Communément appelée le 8-Mars, la Journée internationale de la femme est célébrée dans nombre de pays dont le Burkina Faso. Plusieurs activités sont, à cette occasion, développées par des structures tant publiques que privées en vue de l’amélioration du statut et de la condition des femmes. C’est un jour où les avancées dans ce domaine sont fêtées, mais nous assistons, au Burkina, à une dérive festive qu’il conviendrait de contenir pour nous concentrer sur les vrais enjeux sociopolitiques de cette journée.
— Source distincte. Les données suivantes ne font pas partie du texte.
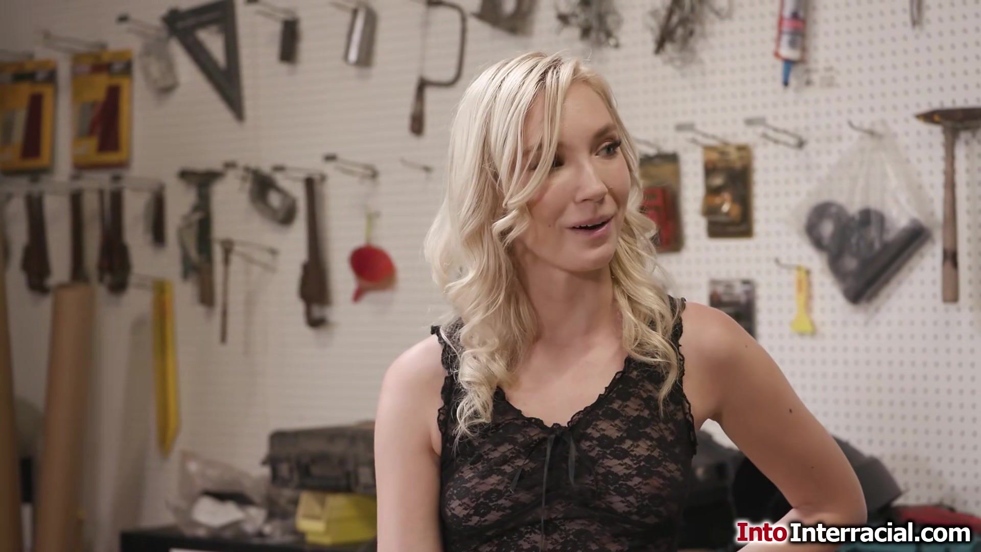 Blonde Claire Roos is deepthroat facefucked by the mechanics bbc while she waits for her car.He bends her over the hood of a car and doggystyle bangs her.The small tits babe gives a blowjob and sets her ass on his big black cock and anal rides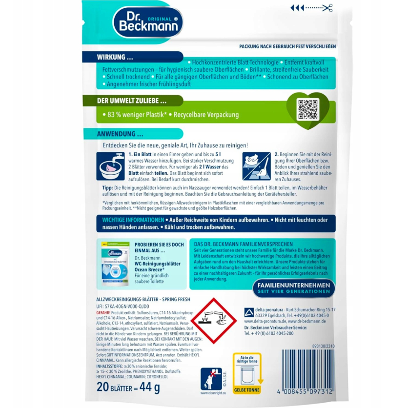 Dr Beckmann to marka z wieloletnią tradycją, która od lat dostarcza innowacyjne rozwiązania do czyszczenia domów. Uniwersalne Listki Czyszczące do Podłogi to gwarancja czystości i świeżości bez zbędnego wysiłku.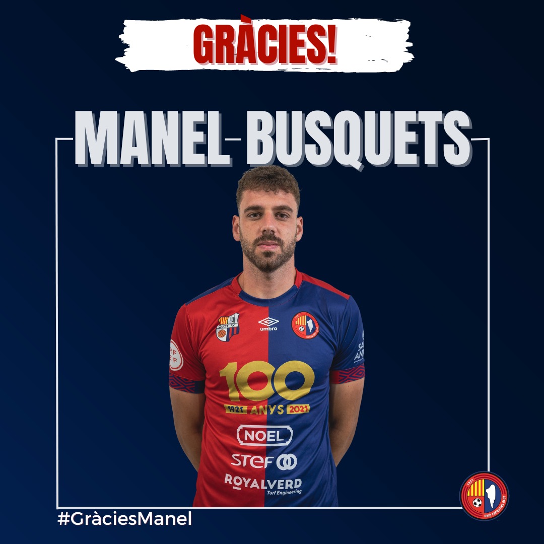 El davanter de Caldes de Montbui es desvincula i no formarà part de la plantilla de la Unió Esportiva Olot a Tercera Federació. Busquets ha estat un dels jugadors destacats del curs amb 31 partits i 3 gols anotats en el seu debut a la categoria. Velocitat, potència i lluita incansable en les diverses posicions ofensives. És la cinquena baixa després de Xumetra, Forgas, Aimar i Eloi Amagat. Moltes gràcies i bona sort en el futur, Manel!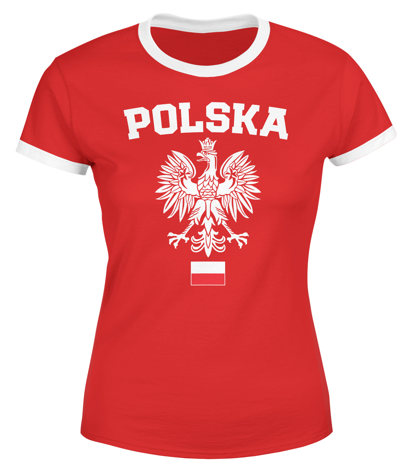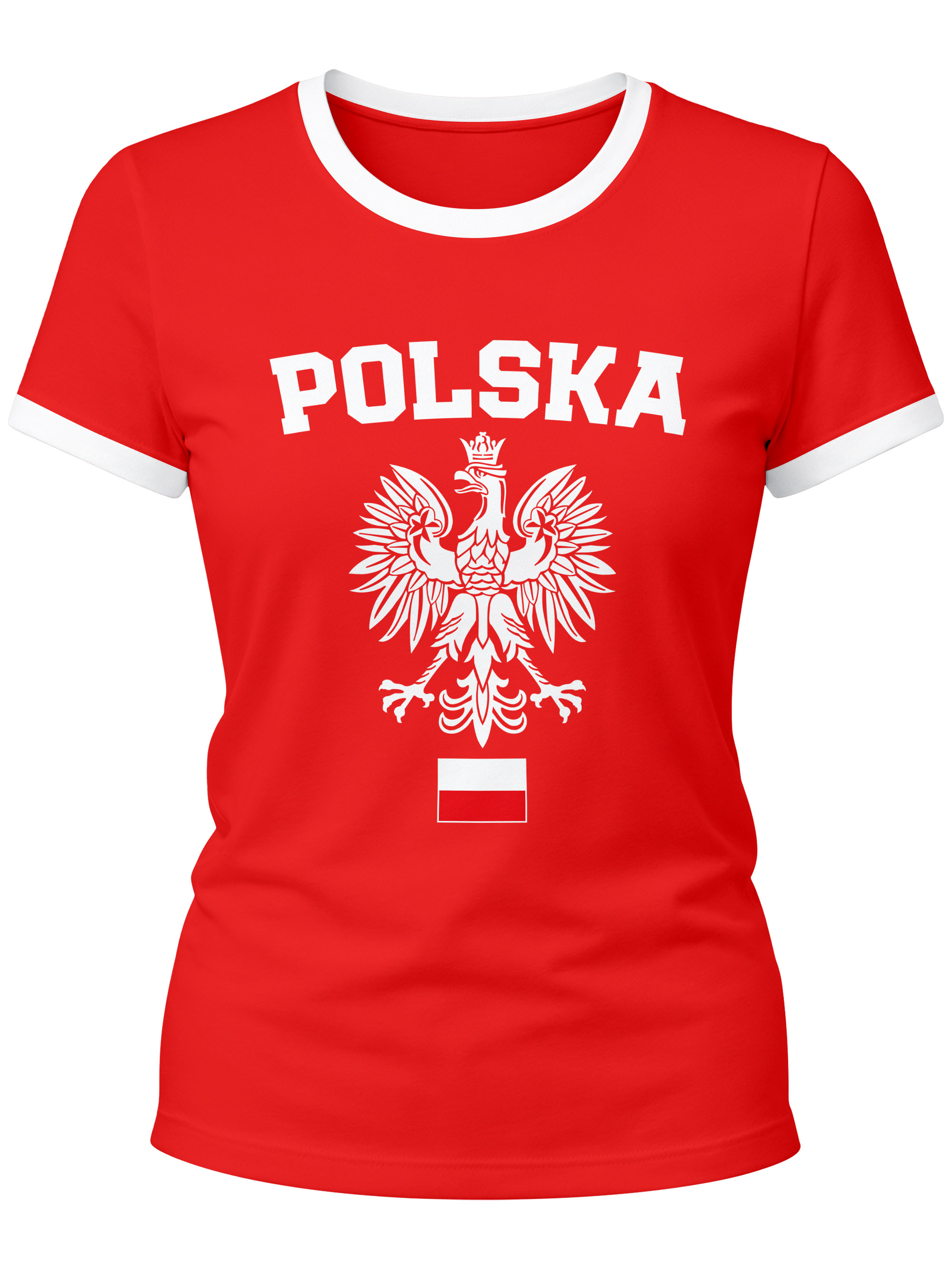 • cooles Damen Retro T-Shirt zur WM 2026 mit weißem Adler Wappen in den Farben der polnischen National Flagge der Marke Moonworks®

La Journée internationale de la femme : bref historique

La Journée internationale de la femme puise ses racines dans diverses manifestations de femmes en Amérique du Nord et en Europe, au tout début du 20e siècle, pour réclamer de meilleures conditions de travail (dans les usines), le droit de vote et l’égalité entre les hommes et les femmes. Certains écrits font remonter l’origine de cette journée à une manifestation d’ouvrières américaines du textile en 1857 (BIT, 2011), mais cet événement ne fait pas l’unanimité. D’autres personnes le classent dans le domaine du mythe en se basant sur le fait qu’il n’est relaté nulle part. Une autre date également « oubliée », est le 3 mai 1908 où des femmes socialistes de Chicago, auraient organisé une manifestation pour dénoncer l’exploitation économique et la dépendance politique des femmes. Cette date serait, selon Renée Cotés (1984), la première Journée nationale de la femme (« Le woman day ») aux Etats-Unis.
Plusieurs autres évènements historiques plus consensuels sont contés. Entre autres, des grèves et des répressions qui ont eu lieu dans l’usine textile Triangle Shirtwaist de New-York en 1909. Cette année-là également, le Comité national de la femme du Parti socialiste américain, organisa une manifestation pour le droit de vote des femmes. Cette Journée nationale de la femme que certaines sources (Conseil du Statut de la femme, 2009) considèrent comme le premier « woman day ») fut célébrée sur l’ensemble du territoire des Etats-Unis, le 28 février 1909. Deux ans après, soit le 25 mars 1911, un évènement tragique s’est produit dans la même usine de Triangle Shirtwaist où 146 personnes, en majorité de jeunes femmes et filles, meurent dans l’incendie de l’usine, enfermées par les patrons. Cet évènement malheureux est rappelé dans la mémoire historique des luttes des femmes (BIT, 2011).
En Europe, Clara Zetkin, alors présidente du Secrétariat international des femmes socialistes, propose, en 1910, lors de la Conférence internationale des femmes socialistes à Copenhague, « l’instauration d’une journée des femmes qui serait célébrée chaque année pour servir la propagande en vue de l’obtention du droit de vote des femmes » (Conseil du Statut de la Femme Canada, 2009). Cette proposition fut approuvée à l’unanimité par les déléguées des pays qui étaient présentes. Et donnant suite à cette résolution, la Journée internationale de la femme fut célébrée pour la première fois, le 19 mars 1911, en Allemagne, en Autriche, au Danemark et en Suisse où plus d’un million de femmes et d’hommes ont participé à des rassemblements (ONU, 2013 ; Conseil du Statut de la femme Canada 2009).
Il convient de dire que la Journée internationale de la femme nous rappelle qu’à toutes les époques, et sur tous les continents, des voix de femmes se sont élevées pour dénoncer l’ordre inégalitaire qui présidait à l’organisation de leur vie. Pensons, en Afrique, au combat des femmes Ibo et des femmes de Lagos du Nigéria contre, respectivement, l’impôt et la taxe sur les marchés. La marche des militantes ivoiriennes du PDCI-RDA sur la prison de Grand Bassan en 1949 pour faire libérer les hiérarques de leur parti, ainsi que celle des militantes ghanéennes du Convention People Party sur la Maison d’arrêt de James Fort d’Accra après l’arrestation le 22 janvier 1950 de Kwame N’Krumah peuvent aussi être citées, etc. (Coquery-Vidrovitch, 1994).
L’Organisation des Nations unies, pour sa part, a célébré la première Journée internationale de la femme le 8 mars 1975, lors de l’année internationale de la femme. Deux ans plus tard, en 1977, elle a officialisé cette journée par l’adoption d’une résolution invitant chaque pays membre, à proclamer une journée pour les droits des femmes et la paix mondiale.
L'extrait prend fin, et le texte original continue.